- _REQUIRED WORK_: Please set down the lines of the listing exactly, from its first line to the line with "图表7展示了少年院新收容人员", leaving the pictures out.
-*-*-
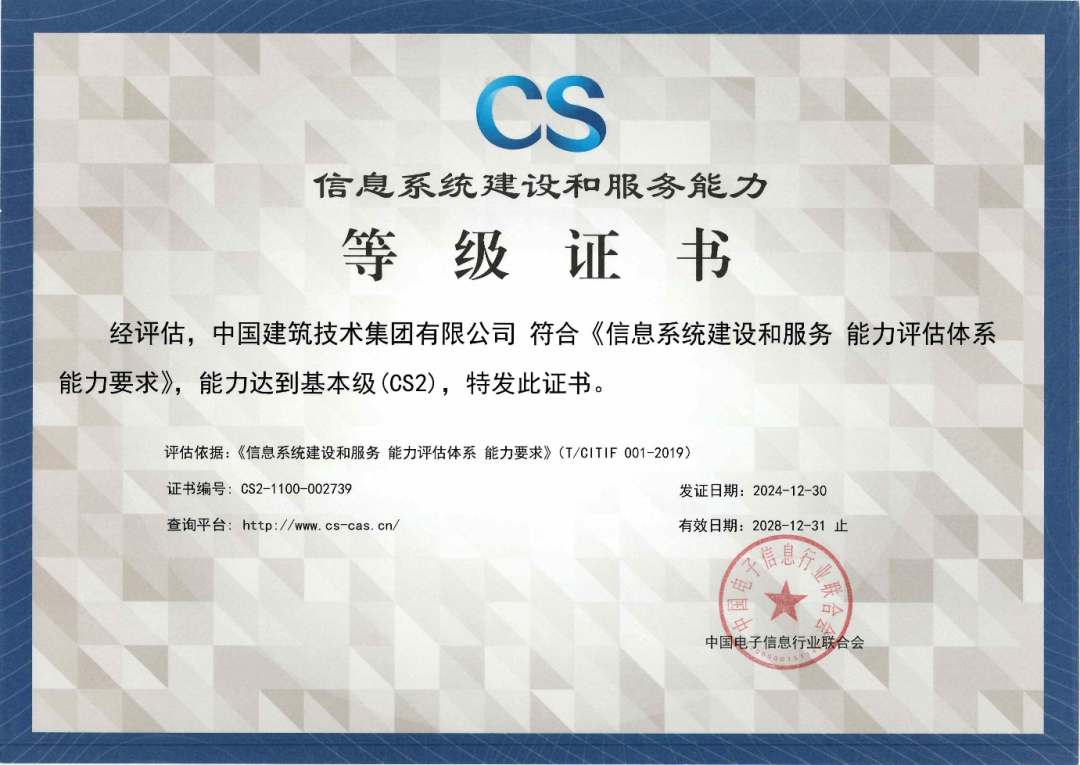 近日,中國建技成功通過中國電子信息行業(yè)聯(lián)合會(huì)評(píng)審,榮獲CS2信息系統(tǒng)建設(shè)和服務(wù)能力認(rèn)證。這是中國建技繼質(zhì)量、環(huán)境、職業(yè)健康安全、信息技術(shù)服務(wù)、信息安全管理體系認(rèn)證后,獲得的又一項(xiàng)國家級(jí)權(quán)威認(rèn)證。
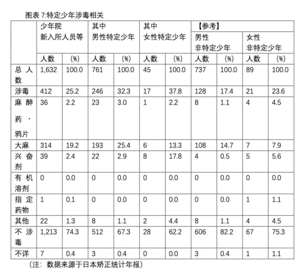 图表7展示了少年院新收容人员在实施违法行为时的药物使用情况。其中,男性特定少年所滥用的药物中,大麻占比最高;即便在非特定少年中,男女使用大麻的人员比例也处于较高水平。
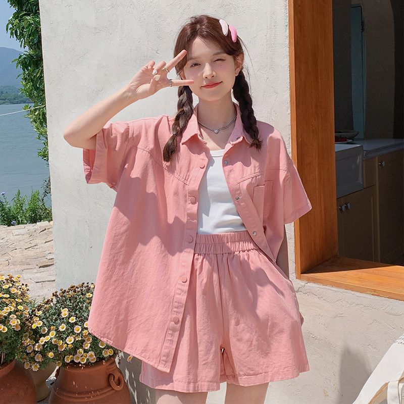| nameOriginal | [Two-piece] Japanese Sweet Short-sleeved Shirt Women's Loose Top Thin Coat All-match Casual Wide-leg Shorts |
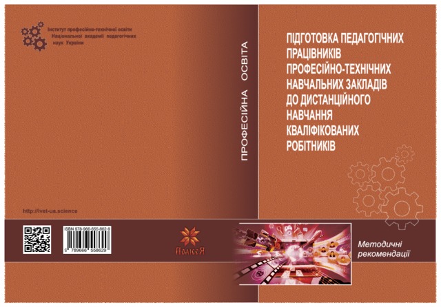 he methodical recommendations cover the theoretical aspects of the training of pedagogical workers of vocational schools before the implementation of distance learning of skilled workers. The technology of developing electronic content for its use in the system of distance learning, the means of controlling the success of skilled workers in the distance learning process is presented and the peculiarities of the organization of independent work of skilled workers by means of distance learning are revealed. Methodical recommendations are addressed to managers and teachers of vocational schools, post-graduate students and doctoral students, students and teachers of institutes of postgraduate education, methodologists of scientific (educational) -methodic centers of vocational education.
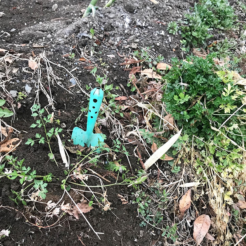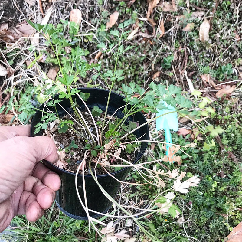 畑に戻した。畑で冬越しした大きなイタリアンパセリの横に。冬越しした方は葉がボロボロでもう食べられない。
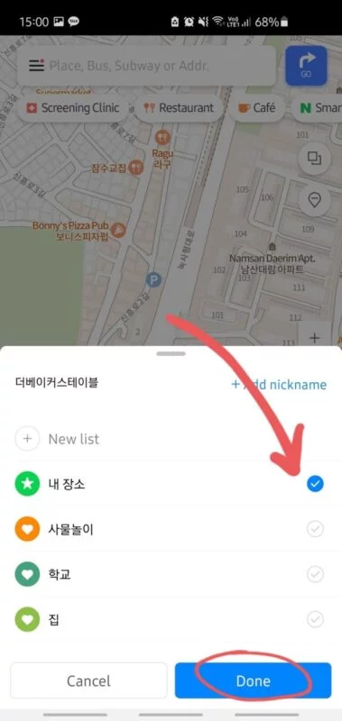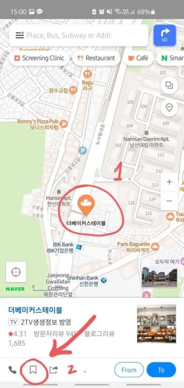 Although you can use the Naver Map App (Play Store/App Store) without a Naver account, logging in will save you lots of time by allowing you to save all your favorite places in various categories. You can save your home address, your school, your office and other places you visit frequently, and also build a bucket list of restaurants, cafes and places you would like to visit. You can also customize the categories whichever way you want to.
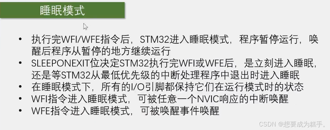 - 关闭外设:体系也可以选择关闭某些不紧张的外设(如未利用的 GPIO、外设接口等),从而进一步低沉功耗。
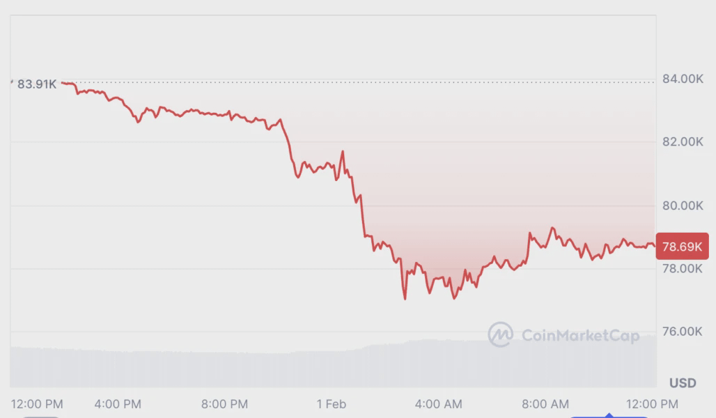 Биткойн упал на 7% до примерно $77,000 в субботу и с тех пор немного поднялся до $78,690 на момент публикации, согласно CoinMarketCap.
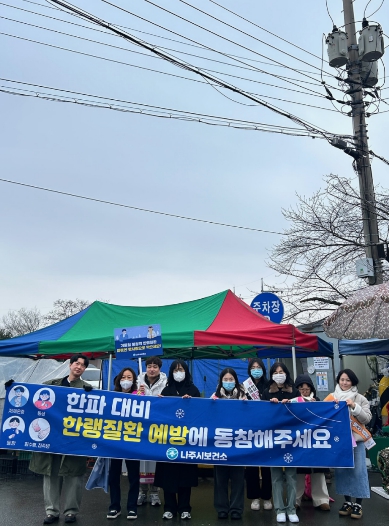 나주시보건소는 최근 급격한 기온 하강으로 한파 재난 위기경보가 ‘주의’ 단계로 격상됨에 따라 지난 10일 영산포풍물시장 일대에서 한랭질환 예방을 위한 현장 홍보 캠페인을 벌였다고 12일 밝혔다.
-*-*-
- _WRITTEN ANSWER_:
 近日,中國建技成功通過中國電子信息行業(yè)聯(lián)合會(huì)評(píng)審,榮獲CS2信息系統(tǒng)建設(shè)和服務(wù)能力認(rèn)證。這是中國建技繼質(zhì)量、環(huán)境、職業(yè)健康安全、信息技術(shù)服務(wù)、信息安全管理體系認(rèn)證后,獲得的又一項(xiàng)國家級(jí)權(quán)威認(rèn)證。
 图表7展示了少年院新收容人员在实施违法行为时的药物使用情况。其中,男性特定少年所滥用的药物中,大麻占比最高;即便在非特定少年中,男女使用大麻的人员比例也处于较高水平。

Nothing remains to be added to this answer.